What you are asked to do:
Reproduce, character for character, the entries from their opening line through the line with "今日は普段使っているバトンか".

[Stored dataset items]
--- START ---
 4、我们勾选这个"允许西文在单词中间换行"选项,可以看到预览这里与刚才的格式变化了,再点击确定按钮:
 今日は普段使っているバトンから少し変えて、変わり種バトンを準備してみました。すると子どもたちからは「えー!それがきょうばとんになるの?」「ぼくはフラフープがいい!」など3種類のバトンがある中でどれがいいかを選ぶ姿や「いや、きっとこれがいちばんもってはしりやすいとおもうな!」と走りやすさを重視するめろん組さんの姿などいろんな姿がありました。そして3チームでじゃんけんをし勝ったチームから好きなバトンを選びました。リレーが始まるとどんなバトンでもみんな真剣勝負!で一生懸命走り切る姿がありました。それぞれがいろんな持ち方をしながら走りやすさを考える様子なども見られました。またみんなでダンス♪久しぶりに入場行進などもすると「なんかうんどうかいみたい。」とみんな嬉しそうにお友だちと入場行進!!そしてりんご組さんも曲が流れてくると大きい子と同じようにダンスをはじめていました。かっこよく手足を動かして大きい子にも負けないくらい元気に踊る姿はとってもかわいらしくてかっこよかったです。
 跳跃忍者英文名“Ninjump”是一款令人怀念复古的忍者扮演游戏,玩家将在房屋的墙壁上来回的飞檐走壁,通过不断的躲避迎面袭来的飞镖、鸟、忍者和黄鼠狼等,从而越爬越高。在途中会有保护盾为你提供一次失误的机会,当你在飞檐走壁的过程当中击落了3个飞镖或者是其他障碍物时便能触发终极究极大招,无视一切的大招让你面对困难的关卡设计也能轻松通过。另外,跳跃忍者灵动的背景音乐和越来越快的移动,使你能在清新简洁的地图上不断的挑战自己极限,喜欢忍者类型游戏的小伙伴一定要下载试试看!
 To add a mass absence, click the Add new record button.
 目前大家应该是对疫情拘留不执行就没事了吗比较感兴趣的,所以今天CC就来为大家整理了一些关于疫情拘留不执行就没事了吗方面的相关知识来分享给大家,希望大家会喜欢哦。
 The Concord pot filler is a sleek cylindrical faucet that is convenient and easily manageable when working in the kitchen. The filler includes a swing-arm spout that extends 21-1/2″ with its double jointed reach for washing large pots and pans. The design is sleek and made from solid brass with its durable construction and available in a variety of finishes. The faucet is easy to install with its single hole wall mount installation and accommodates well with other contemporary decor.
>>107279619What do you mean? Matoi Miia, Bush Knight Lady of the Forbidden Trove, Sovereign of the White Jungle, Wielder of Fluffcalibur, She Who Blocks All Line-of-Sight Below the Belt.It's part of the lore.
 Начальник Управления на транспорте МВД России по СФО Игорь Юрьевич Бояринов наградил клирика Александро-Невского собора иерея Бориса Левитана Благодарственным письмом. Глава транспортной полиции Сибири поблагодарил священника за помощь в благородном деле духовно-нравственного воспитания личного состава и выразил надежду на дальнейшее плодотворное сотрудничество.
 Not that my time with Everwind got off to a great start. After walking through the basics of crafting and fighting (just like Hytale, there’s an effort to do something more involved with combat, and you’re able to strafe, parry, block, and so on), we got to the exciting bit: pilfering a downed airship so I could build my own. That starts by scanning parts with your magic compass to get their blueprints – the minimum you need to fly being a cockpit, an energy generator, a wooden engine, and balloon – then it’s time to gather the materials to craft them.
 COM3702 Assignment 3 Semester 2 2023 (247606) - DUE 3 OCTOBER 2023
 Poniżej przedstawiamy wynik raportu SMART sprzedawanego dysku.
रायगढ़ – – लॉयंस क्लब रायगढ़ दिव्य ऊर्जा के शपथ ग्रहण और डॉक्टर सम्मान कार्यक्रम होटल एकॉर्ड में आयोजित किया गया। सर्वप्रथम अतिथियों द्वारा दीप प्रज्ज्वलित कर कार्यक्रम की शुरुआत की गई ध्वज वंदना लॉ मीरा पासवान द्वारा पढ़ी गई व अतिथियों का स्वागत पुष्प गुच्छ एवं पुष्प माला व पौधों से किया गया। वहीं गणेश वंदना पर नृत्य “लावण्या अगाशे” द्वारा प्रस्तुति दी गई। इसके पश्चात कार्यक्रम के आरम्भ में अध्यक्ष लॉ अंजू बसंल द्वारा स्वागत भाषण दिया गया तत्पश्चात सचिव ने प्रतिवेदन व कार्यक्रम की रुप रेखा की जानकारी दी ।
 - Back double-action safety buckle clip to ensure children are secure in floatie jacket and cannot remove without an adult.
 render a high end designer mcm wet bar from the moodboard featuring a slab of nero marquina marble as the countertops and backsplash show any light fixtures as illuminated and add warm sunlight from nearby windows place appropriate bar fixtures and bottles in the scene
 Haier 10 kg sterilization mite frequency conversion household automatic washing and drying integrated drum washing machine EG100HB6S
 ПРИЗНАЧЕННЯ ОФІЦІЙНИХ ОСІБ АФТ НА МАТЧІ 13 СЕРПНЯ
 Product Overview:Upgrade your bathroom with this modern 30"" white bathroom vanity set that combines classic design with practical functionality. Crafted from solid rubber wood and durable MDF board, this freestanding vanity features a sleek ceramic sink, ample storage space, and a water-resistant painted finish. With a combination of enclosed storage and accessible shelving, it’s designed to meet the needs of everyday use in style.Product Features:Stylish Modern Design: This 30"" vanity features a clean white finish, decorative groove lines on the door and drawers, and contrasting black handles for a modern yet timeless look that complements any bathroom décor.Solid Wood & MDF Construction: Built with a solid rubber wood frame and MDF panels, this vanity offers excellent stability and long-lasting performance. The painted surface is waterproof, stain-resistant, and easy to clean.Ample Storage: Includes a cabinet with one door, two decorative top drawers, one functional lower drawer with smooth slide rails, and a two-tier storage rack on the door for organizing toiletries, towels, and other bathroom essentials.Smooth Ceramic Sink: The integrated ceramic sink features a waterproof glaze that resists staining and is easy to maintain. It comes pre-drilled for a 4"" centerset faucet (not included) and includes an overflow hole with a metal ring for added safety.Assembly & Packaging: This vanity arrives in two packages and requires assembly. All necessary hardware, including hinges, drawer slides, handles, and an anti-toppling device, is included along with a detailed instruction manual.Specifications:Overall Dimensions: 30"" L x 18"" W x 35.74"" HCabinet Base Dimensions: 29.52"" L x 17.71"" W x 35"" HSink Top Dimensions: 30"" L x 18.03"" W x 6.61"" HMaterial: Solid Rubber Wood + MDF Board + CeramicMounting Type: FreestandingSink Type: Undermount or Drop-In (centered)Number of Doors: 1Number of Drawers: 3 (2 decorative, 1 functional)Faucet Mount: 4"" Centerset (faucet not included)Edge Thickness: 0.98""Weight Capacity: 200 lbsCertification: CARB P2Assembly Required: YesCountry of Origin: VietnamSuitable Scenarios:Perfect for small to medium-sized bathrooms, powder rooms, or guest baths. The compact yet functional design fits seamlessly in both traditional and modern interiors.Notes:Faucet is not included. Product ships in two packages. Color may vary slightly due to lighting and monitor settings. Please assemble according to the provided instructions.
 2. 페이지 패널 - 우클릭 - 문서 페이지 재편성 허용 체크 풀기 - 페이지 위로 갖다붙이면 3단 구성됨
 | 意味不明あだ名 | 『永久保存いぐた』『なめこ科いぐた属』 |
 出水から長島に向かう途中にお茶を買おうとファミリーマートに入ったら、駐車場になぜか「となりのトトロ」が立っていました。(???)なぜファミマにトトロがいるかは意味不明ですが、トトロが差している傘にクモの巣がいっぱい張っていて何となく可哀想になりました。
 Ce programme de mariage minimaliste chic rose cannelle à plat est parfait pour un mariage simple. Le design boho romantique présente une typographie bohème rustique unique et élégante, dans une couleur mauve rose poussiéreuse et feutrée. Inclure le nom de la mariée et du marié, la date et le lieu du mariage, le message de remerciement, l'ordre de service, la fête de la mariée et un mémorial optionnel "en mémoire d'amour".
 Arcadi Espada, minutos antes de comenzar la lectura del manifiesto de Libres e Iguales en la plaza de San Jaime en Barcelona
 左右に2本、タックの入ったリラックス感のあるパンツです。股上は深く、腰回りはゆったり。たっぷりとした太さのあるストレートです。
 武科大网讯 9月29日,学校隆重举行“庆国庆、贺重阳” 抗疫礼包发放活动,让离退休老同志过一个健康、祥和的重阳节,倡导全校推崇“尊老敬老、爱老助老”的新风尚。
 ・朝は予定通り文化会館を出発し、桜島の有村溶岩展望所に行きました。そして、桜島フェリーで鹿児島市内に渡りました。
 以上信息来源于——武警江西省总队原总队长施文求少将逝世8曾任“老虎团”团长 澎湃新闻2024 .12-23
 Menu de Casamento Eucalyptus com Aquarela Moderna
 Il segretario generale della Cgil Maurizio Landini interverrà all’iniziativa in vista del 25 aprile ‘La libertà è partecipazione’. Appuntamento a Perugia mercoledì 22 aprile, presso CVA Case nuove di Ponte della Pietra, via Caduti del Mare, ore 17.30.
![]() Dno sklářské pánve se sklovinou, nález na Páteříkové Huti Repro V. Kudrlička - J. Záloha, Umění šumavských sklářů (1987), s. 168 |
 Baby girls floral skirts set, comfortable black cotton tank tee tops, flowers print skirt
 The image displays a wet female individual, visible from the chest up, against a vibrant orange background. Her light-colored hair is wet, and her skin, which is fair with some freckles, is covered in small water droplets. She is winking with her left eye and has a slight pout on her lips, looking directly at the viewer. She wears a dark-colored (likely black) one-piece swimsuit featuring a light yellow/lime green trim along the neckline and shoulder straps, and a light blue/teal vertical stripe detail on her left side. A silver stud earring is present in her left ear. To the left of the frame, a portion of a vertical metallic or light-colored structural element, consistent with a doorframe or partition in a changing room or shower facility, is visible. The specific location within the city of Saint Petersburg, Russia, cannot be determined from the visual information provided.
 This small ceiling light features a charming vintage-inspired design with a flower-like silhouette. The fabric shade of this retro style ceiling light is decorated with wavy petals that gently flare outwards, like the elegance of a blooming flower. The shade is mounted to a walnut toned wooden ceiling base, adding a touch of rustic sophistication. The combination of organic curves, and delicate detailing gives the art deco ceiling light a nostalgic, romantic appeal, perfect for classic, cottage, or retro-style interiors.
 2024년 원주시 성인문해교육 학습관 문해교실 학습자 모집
--- END ---
Exercise output:
 4、我们勾选这个"允许西文在单词中间换行"选项,可以看到预览这里与刚才的格式变化了,再点击确定按钮:
 今日は普段使っているバトンから少し変えて、変わり種バトンを準備してみました。すると子どもたちからは「えー!それがきょうばとんになるの?」「ぼくはフラフープがいい!」など3種類のバトンがある中でどれがいいかを選ぶ姿や「いや、きっとこれがいちばんもってはしりやすいとおもうな!」と走りやすさを重視するめろん組さんの姿などいろんな姿がありました。そして3チームでじゃんけんをし勝ったチームから好きなバトンを選びました。リレーが始まるとどんなバトンでもみんな真剣勝負!で一生懸命走り切る姿がありました。それぞれがいろんな持ち方をしながら走りやすさを考える様子なども見られました。またみんなでダンス♪久しぶりに入場行進などもすると「なんかうんどうかいみたい。」とみんな嬉しそうにお友だちと入場行進!!そしてりんご組さんも曲が流れてくると大きい子と同じようにダンスをはじめていました。かっこよく手足を動かして大きい子にも負けないくらい元気に踊る姿はとってもかわいらしくてかっこよかったです。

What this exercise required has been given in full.